- Exercise data -
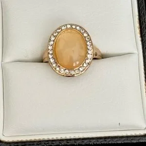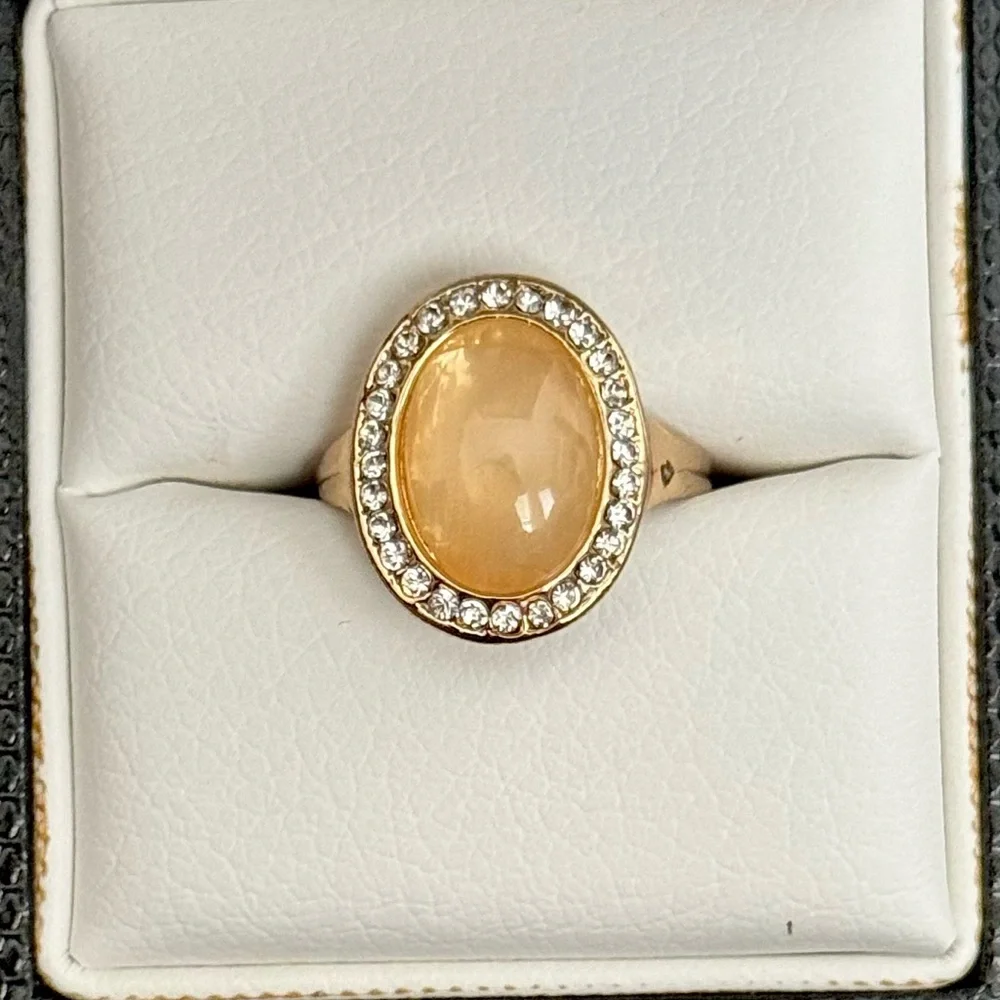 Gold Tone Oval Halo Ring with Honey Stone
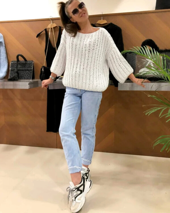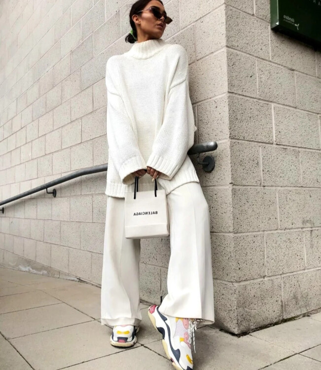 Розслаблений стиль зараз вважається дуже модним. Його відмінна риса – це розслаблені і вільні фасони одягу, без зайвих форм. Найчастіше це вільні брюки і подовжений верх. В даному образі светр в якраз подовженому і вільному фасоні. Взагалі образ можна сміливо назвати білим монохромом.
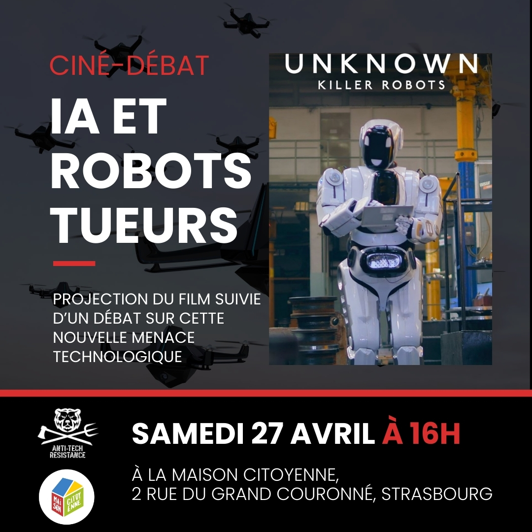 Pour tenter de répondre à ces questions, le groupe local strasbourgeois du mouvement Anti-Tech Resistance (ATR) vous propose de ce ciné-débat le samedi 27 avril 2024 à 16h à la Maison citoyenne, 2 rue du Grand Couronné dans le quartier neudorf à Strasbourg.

- Try it -
The line containing "Розслаблений стиль зараз" and each line after it through the end of the listing above are to be written out exactly, without the pictures.

- Result below -
 Розслаблений стиль зараз вважається дуже модним. Його відмінна риса – це розслаблені і вільні фасони одягу, без зайвих форм. Найчастіше це вільні брюки і подовжений верх. В даному образі светр в якраз подовженому і вільному фасоні. Взагалі образ можна сміливо назвати білим монохромом.
 Pour tenter de répondre à ces questions, le groupe local strasbourgeois du mouvement Anti-Tech Resistance (ATR) vous propose de ce ciné-débat le samedi 27 avril 2024 à 16h à la Maison citoyenne, 2 rue du Grand Couronné dans le quartier neudorf à Strasbourg.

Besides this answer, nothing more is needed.